Wednesday, December 22, 2010

All Work

Being busier than I have been in recent years this holiday season, I have not partied at all this whole month. I'm happy my business is growing, my website is generating new customers, and my new logo and materials are looking more professional, but I have to admit that I was hitting a wall the last few days.

Even gearing myself up for that party in DC took every last ounce of effort to move my ass. Pile on a big old helping of the holiday blues, and you've got yourself one unmotivated little baker.

I'm tired. Dog tired. My eyelids can barely stay open. My little 45 minute train naps are not cutting it anymore, and my body is heavy. I've gone through 10 boxes of Thermacare heat patches in the last two weeks. That's 30 back patches just to keep my lower back in a state where I can stand or walk. I wear them under the back brace that I've been sporting every day.

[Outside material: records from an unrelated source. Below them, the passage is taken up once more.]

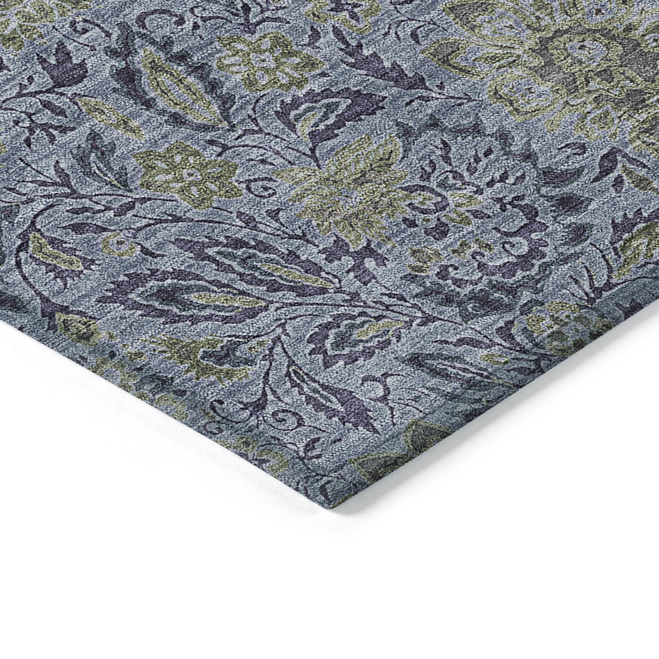 Add some artistry to your room with this 8-foot denim blue navy blue and gray round floral washable indoor outdoor area rug. This geometric round shaped rug features a floral pattern in denim blue, navy blue, and gray that combines a good looking print with a unique and updated shape. The mix of shape, color, and design gives this rug refreshing visual interest. Ideal for outdoor spaces or high traffic areas with kids and pets, this rug is made from heavy duty polyester that is stain resistant to help repel water, dirt, and stains. Versatile in use, durable, and easy to maintain, this rug is an ideal solution to add a decorative and inviting touch to your indoor or outdoor space. 96-inch h x 96-inch w x 0.19-inch d.
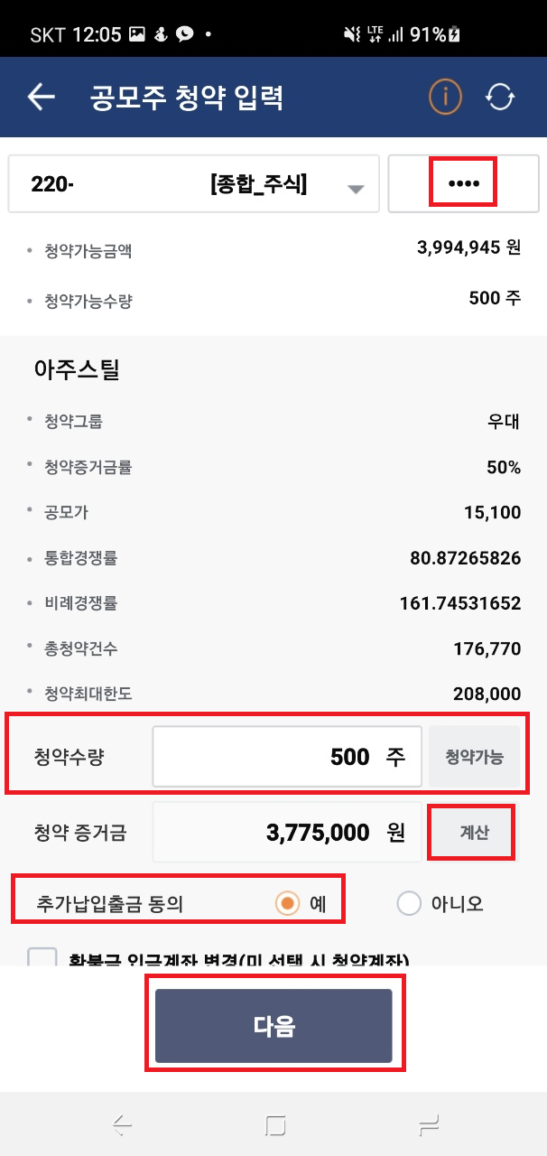 (3) "청약수량"에 최대 수량을 입력하고, 밑에 "청약 증거금" 항목의 "계산"을 누르면, 자동으로 청약 증거금이 계산된다.
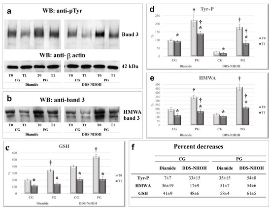 The effect of 1-week licorice intake on the Tyr-P level (a), HMWA, (b) and membrane GSH contents (c), following diamide or DDS-NHOH stimulation, in the CG and PG groups. RBCs from CG and PG were incubated with 1.5 mM diamide or 0.30 mM DDS-NHOH. The membranes (10 µg) obtained, as described in Methods, were analyzed by Western blotting and immunostained with the anti-P-Tyr antibody and then with anti-β actin as a loading control (Panel a). The membranes were also analyzed in non-reducing conditions and immunostained with anti-band 3 (Panel b) or anti-GSH (not shown) antibodies, in order to evidence the band 3 high molecular weight aggregate (HMWA) and bound glutathione, respectively. The figure is representative of the study population. For each immunostaining, bands corresponding to the relative proteins were densitometrically estimated and statistically analyzed GSH values of diamide or DDS-NHOH treated RBCs were calculated as the ratio percentage to GSH levels obtained in the basal samples of CG at T0 (chosen as an arbitrary comparison unit, experimentally determined as 101 ± 3%) (Panel c). The Tyr-P value of diamide—or DDS-NHOH—treated RBCs before (T0) and after a week of licorice intake (T1) was calculated as: Tyr-P% = (Tyr-P(x)/Tyr-P(CG) diamide T0%, with the Tyr-P value obtained in diamide samples of CG at T0 chosen as an arbitrary comparison unit (experimentally determined as 100 ± 5%) (Panel d). The band 3 HMWA of diamide or DDS-NHOH treated RBCs were calculated as the ratio percentage to band 3 HMWA obtained in the basal samples of CG at T0 (chosen as an arbitrary comparison unit, experimentally determined as 100 ± 4 and) (Panel e). (Panel f) average percent decrease for each parameter, referring to the corresponding values at T0, were calculated and reported. Data show the means ± SD of n = 12 healthy subjects (CG) and n = 18 patients (PG). Comparison from the respective T0 values: * p < 0.005, Student’s t-test for paired data. Comparison CG vs PG: † p < 0.001, Student t-test for unpaired data.

I've also missed a slew of parties going on everywhere. Even when I drop off my cakes or pastries, I'm invited to stay for a drink and some food, but I have to get home to bake some more. I may spend a lot of geek time at home in front of my TV when I'm feeling antisocial, but I'd be a liar if I didn't admit how much I enjoy being out partying. I really do. The drinks, the food, the music...I'm in my element!

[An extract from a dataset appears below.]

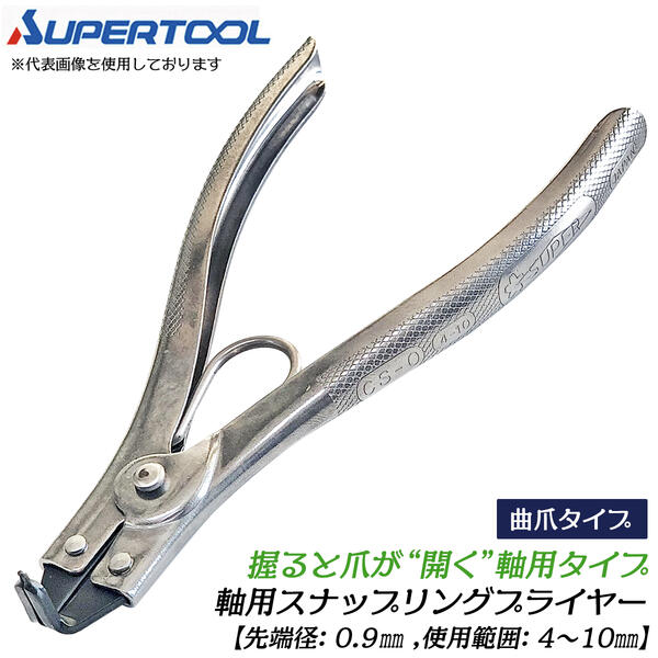 スーパーツール 軸用スナップリングプライヤー 曲爪 4~10mm対応 先端サイズ 0.9mm ローレットハンドル 止め輪プライヤー Cリング Eリング CS0B SUPERTOOL
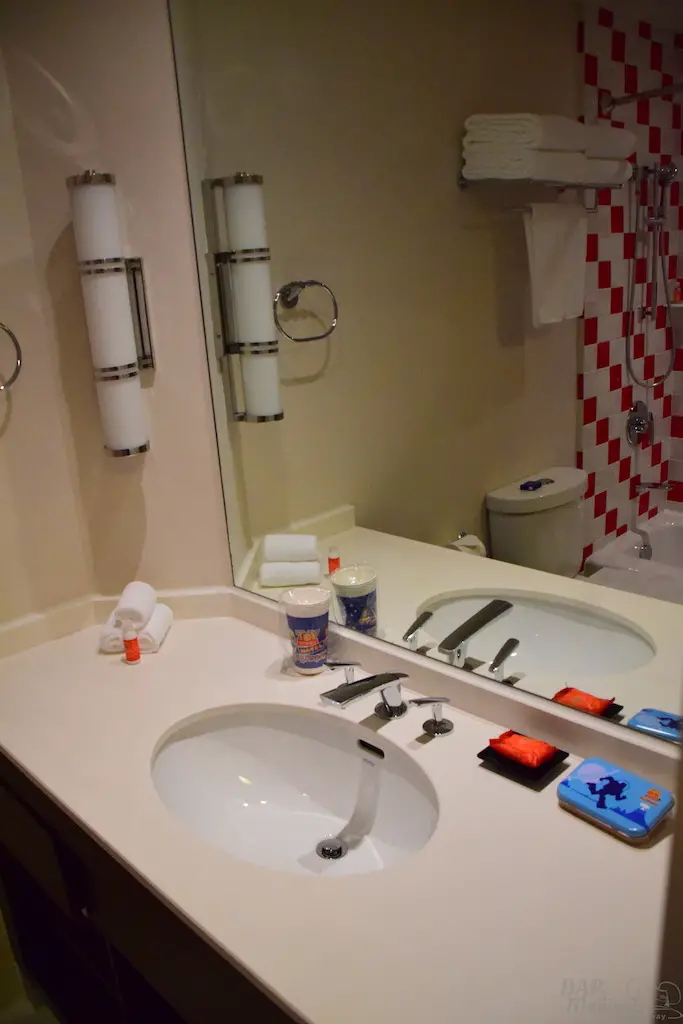 Some of the nice amenities included lights on the headboards. And, there was a nice light the shot up the wallpaper to make it look like a sunrise or sunset depending on the time of day you have it on. Complimentary toiletries, like toothbrushes, were in a miniature Buzz lunchbox. These were all nice touches that made the room sparkle.

So, since I haven't been to one fun event this month, I'm feeling left out. I'm toiling away in my Dungeon in my batter-covered sweats, broken, un-manicured nails, un-dyed hair, and stone sober. This is like no December I have known in quite some time.

Thankfully, yesterday, I had a nice lunchtime surprise in the form of my ex. It was a welcome break from my monotony and it was just nice to laugh again about stupid things that no one else seems to get. It gave me a nice shot in the arm to get back in my Dungeon and crank out 300 cookies, 100 pecan tarts, and 30 cupcakes last night.

The adrenaline has worn off, and I'm pooped. I know these sacrifices are only going to help me with the business and will pay off in the future. Deep down inside, I know this to be true. But, all work and no play does make for a lonely, cranky Kat. =( 

4 comments:

  1. Guess what? You don't get a say about that. You, of all people, should know that no one is going to tell me who I can or cannot break bread with. I can't believe you even went there.